What needs to be done: Return only the lines of the data below from the line with "7월 6일 스페인 팜플로나" up to and including the line with "Tecido Helanca Estampa", exactly as written, with the pictures omitted.

═════ Exercise material ═════

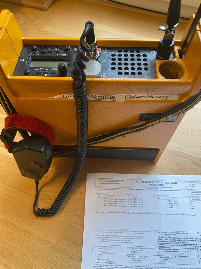 Dittel KRT2 in carrying case. 8.33 kHz channel spacing, 100 named memory slots. Radio built 2014, new battery in 2014. Comes with original Form 1 and invoice. Usual signs of use but in fully functional condition.
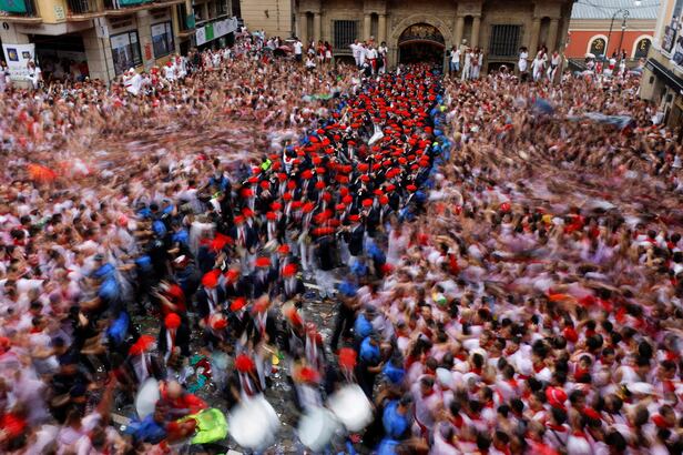 7월 6일 스페인 팜플로나 타운홀 광장에서 열린 2022 산 페르민 축제의 개막식 모습입니다. 빨간 모자를 쓴 고적대가 북을 두드리며 등장하자 광장에 모인 사람들이 두팔을 흔들고 있는 모습을 슬로우 셔터로 찍어서 시끌벅적한 축제의 분위기를 잘 살린 사진입니다. 지난 2년간 코로나 팬데믹으로 인해 중단되었던 산 페르민 축제는 개막식인 추피나소를 시작으로 9일간 그 유명한 소몰이와, 공연, 퍼레이드 등 다양한 행사가 펼쳐진다고 합니다.
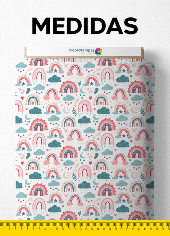 Tecido Helanca Estampa Digital Arco-Íris e Nuvens 1,55m de Largura
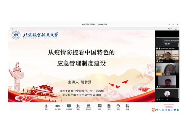 为深入学习贯彻习近平新时代中国特色社会主义思想,弘扬战疫正能量,结合反腐倡廉每季一课,2020年3月25日下午16时,yl88858永利集团博士飞设第二员工党支部召开了“凝心聚力,共同战疫”主题学习会活动。为丰富“学习日”活动内容,提高理论学习专业性、深入性,本次学习日活动特邀北航研究生宣讲团讲师胡梦贤作主题宣讲。会议通过腾讯会议在线进行,共16名支部党员和2名积极分子参加,由支部书记李明智同志主持。
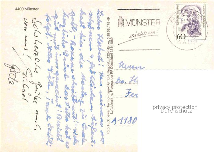 72904405 alte Postkarte Muenster Westfalen Fliegeraufnahme mit See postalisch gelaufen Erhaltung siehe scans [LiesaD40] KatCode: 11110005515000

═════

Finished exercise:
 7월 6일 스페인 팜플로나 타운홀 광장에서 열린 2022 산 페르민 축제의 개막식 모습입니다. 빨간 모자를 쓴 고적대가 북을 두드리며 등장하자 광장에 모인 사람들이 두팔을 흔들고 있는 모습을 슬로우 셔터로 찍어서 시끌벅적한 축제의 분위기를 잘 살린 사진입니다. 지난 2년간 코로나 팬데믹으로 인해 중단되었던 산 페르민 축제는 개막식인 추피나소를 시작으로 9일간 그 유명한 소몰이와, 공연, 퍼레이드 등 다양한 행사가 펼쳐진다고 합니다.
 Tecido Helanca Estampa Digital Arco-Íris e Nuvens 1,55m de Largura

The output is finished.